With direct-to-video/streaming action films now a bonafide cottage industry with their own tropes, star filmmakers and performers, and aesthetic trappings, the real mediocrities are becoming more and more prominent and are seemingly attracting a classier pedigree of talent. Hence, The Doorman. It stars Australian model Ruby Rose — late of the Batgirl TV series and featured prominently in the final Resident Evil and memorably in John Wick Chapter 2 — and is helmed by former Japanese Extreme bad boy Ryûhei Kitamura (who helped kickstart that boom with his novel but not-very-good DIY debut Versus). 

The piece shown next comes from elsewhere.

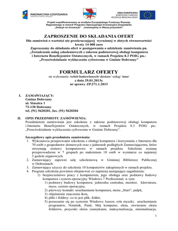 Projekt współfinansowany ze środków Europejskiego Funduszu Rozwoju Regionalnego w ramach Programu Operacyjnego Innowacyjna Gospodarka „Dotacje na Innowacje” „Inwestujemy w Waszą przyszłość” ZAPROSZENIE DO SKŁADANIA OFERT Dla zamówień o wartości nie przekraczającej wyrażonej w złotych równowartości kwoty 14 000 euro Zapraszamy do składania ofert w postępowaniu o udzielenie zamówienia pn. „Świadczenie usług szkoleniowych z zakresu podstawowej obsługi komputera i Internetu Beneficjentów Ostatecznych, w ramach Projektu 8.3 POIG pn.: „Przeciwdziałanie wykluczeniu cyfrowemu w Gminie Dobrzany” FORMULARZ OFERTY na wykonanie /robót budowlanych/ dostaw/ usług/ inne/ z dnia 29.01.2013r. nr sprawy ZP.271.1.2013 I. II. ZAMAWIAJĄCY: Gmina Dobrzany ul. Staszica 1 73-130 Dobrzany tel. (91) 5620201, fax. (91) 5620204 OPIS PRZEDMIOTU ZAMÓWIENIA: Przedmiotem zamówienia jest szkolenie z zakresu podstawowej obsługi komputera i Internetu Beneficjentów Ostatecznych, w ramach Projektu 8.3 POIG pn.: „Przeciwdziałanie wykluczeniu cyfrowemu w Gminie Dobrzany”. Szczegółowy opis przedmiotu zamówienia: 1. Wykonawca przeprowadzi szkolenia z obsługi komputera i korzystania z Internetu dla 70 osób z gospodarstw domowych oraz z jednostek podległych Zamawiającemu, które otrzymają zestawy komputerowe w ramach projektu. Szkolenia zostaną przeprowadzone w 7 grupach po maksimum 10 osób w wymiarze co najmniej 5 godzin zegarowych. 2. Zamawiający zapewni salę szkoleniową w Gminnej Bibliotece Publicznej w Dobrzanach. 3. Zamawiający użyczy do szkolenia 10 komputerów zakupionych w ramach projektu. 4. Program szkolenia powinien obejmować co najmniej następujące zagadnienia: 1) bezpieczeństwo pracy z komputerem, jego obsługa oraz podstawy budowy komputera i system operacyjny Windows 7 Professional, w tym: 1) podstawy budowy komputera: jednostka centralna, monitor, klawiatura, mysz, system operacyjny, 2) pierwszy kontakt: uruchamianie komputera, menu „Start”, pulpit, 3) objaśnienie znaczenia ikon, 4) pliki i foldery: co to jest plik, folder, 5) poruszanie się po systemie Windows: kursor, rola myszki, uruchamianie programów, Notatnik, Paint, Mój komputer, okna, otwieranie okien folderów, przyciski okien (zamykanie, maksymalizacja, minimalizacja, 1 Projekt współfinansowany ze środków Europejskiego Funduszu Rozwoju Regionalnego w ramach Programu Operacyjnego Innowacyjna Gospodarka „Dotacje na Innowacje” „Inwestujemy w Waszą przyszłość” przyciski standardowe), 6) skróty na pulpicie i ich zastosowanie: co to jest skrót, tworzenie skrótu i umieszczenie go na pulpicie, 7) panel sterowania: uruchamianie, funkcje panelu sterowania, instalacja i zarządzanie drukarkami, programy (instalacja, usuwanie), konta użytkowników, uprawnienia użytkowników, zegar, opcje regionalne. 2) Operacje na plikach i folderach, w tym: 1) tworzenie folderu: tworzenie, nadawanie nazw folderom, 2) tworzenie pliku, 3) kopiowanie plików i folderów, 4) przenoszenie plików i folderów, 5) usuwanie plików i folderów. 3) Edytor tekstu, w tym: 1) opis najważniejszych funkcji, 2) podstawowa edycja tekstu, 3) tworzenie tabel, 4) usuwanie tabel, 5) edytowanie tabel, 6) formatowanie komórek tabel, 7) nagłówek i stopka: wstawianie, formatowanie, układ, 8) grafika w edytorze tekstu: wstawianie plików i obiektów clipart, 9) drukowanie dokumentu: planowanie wydruku, podgląd wydruku. 4) Arkusz kalkulacyjny, w tym: 1) czym jest arkusz kalkulacyjny: najważniejsze składniki, dane, formatowanie komórek, obszary danych, wygląd , podstawowe funkcje, 2) wpisywanie podstawowych funkcji: dodawanie, odejmowanie, mnożenie, dzielenie, operatory funkcji, 3) wybieranie prostych funkcji: menu funkcji, kopiowanie, przeciąganie, 4) sortowanie danych, 5) tworzenie prostych wykresów. 5) Program antywirusowy, w tym: 1) co to jest wirus? 2) rodzaje wirusów, 3) rola programów antywirusowych, 4) aktualizacja definicji wirusów, 5) konfiguracja programu antywirusowego. 6) Internet, w tym: 1) co to jest Internet? 2) przeglądarki internetowe, Internet Eksplorer, Mozilla Firefox, Opera, przyciski nawigacji, wpisywanie adresów, wyszukiwanie informacji, przeglądanie stron, 3) poczta elektroniczna: co to jest, zalety poczty elektronicznej, konta e-mail, portale internetowe, zakładanie konta pocztowego, spam. 5. Wykonawca zagwarantuje kadrę szkoleniową dysponującą doświadczeniem, odpowiednią wiedzą i umiejętnościami do realizacji szkoleń. 2 Projekt współfinansowany ze środków Europejskiego Funduszu Rozwoju Regionalnego w ramach Programu Operacyjnego Innowacyjna Gospodarka „Dotacje na Innowacje” „Inwestujemy w Waszą przyszłość” 6. Zamawiający zapewni rzutnik lub inny sprzęt umożliwiający pokaz prezentacji w celu lepszego przedstawienia materiału dydaktycznego uczestnikom szkolenia. 7. Wykonawca zapewni wyposażenie każdego uczestnika zajęć w materiały szkoleniowe i pomoce naukowe niezbędne do zrealizowania odpowiedniego programu szkolenia w wersji papierowej i elektronicznej (płyta CD), które po zakończenym szkoleniu przekaże osobom szkolonym na własność. Dotyczy to także innych materiałów, które Wykonawca uzna za pomocne w celu usystematyzowania wiedzy i przygotuje dla uczestników szkoleń. 8. Na materiałach szkoleniowych Wykonawca umieści nazwę i logo Zamawiającego, tytuł projektu oraz oznaczenia i opisy dotyczące współfinansowania z Europejskiego Funduszu Rozwoju Regionalnego zgodne z Wytycznymi w zakresie oznaczania projektów w ramach Programu Operacyjnego Innowacyjna Gospodarka 2007-2013. 9. Wykonawca zobowiązany jest do wydania każdemu uczestnikowi szkolenia Certyfikatu ukończenia szkolenia współfinansowanego ze środków Europejskiego Funduszu Rozwoju Regionalnego w ramach Programu Operacyjnego Innowacyjna Gospodarka 2007-2013, który będzie zawierał między innymi informację o zrealizowanym zakresie tematycznym ora

Rose plays Ali, a former Marine now retired after a mission-gone-wrong, who settles in New York with a job, uh-huh, working the door at a ritzy apartment building where she’s surprised to discover that her late sister’s widower and their kids are tenants. She also befriends an elderly couple that is essential to the plot, which kicks off when her boss turns out to be in cahoots with a bunch of thieves — lead by Jean Reno, really slumming it here — who take over the building in search of some stolen art. Honestly, there’s not even an attempt to disguise the Die Hard knockoff aspirations here, which would be fine if the action were in any way inventive or exciting. Kitamura has sacrificed much of his typical exuberance behind the camera in favor of a lot of generic coverage and janky edits that conceal most of the best action beats, and the hand-to-hand fighting is never much more than merely competent — that sense of lethargy informs the entire film, leaving little to outright praise or decry. Rose acquits herself just fine, doing the usual steely-but-vulnerable thing you’d expect from this material, but The Doorman is just far too bland an endeavor on which to waste her talents.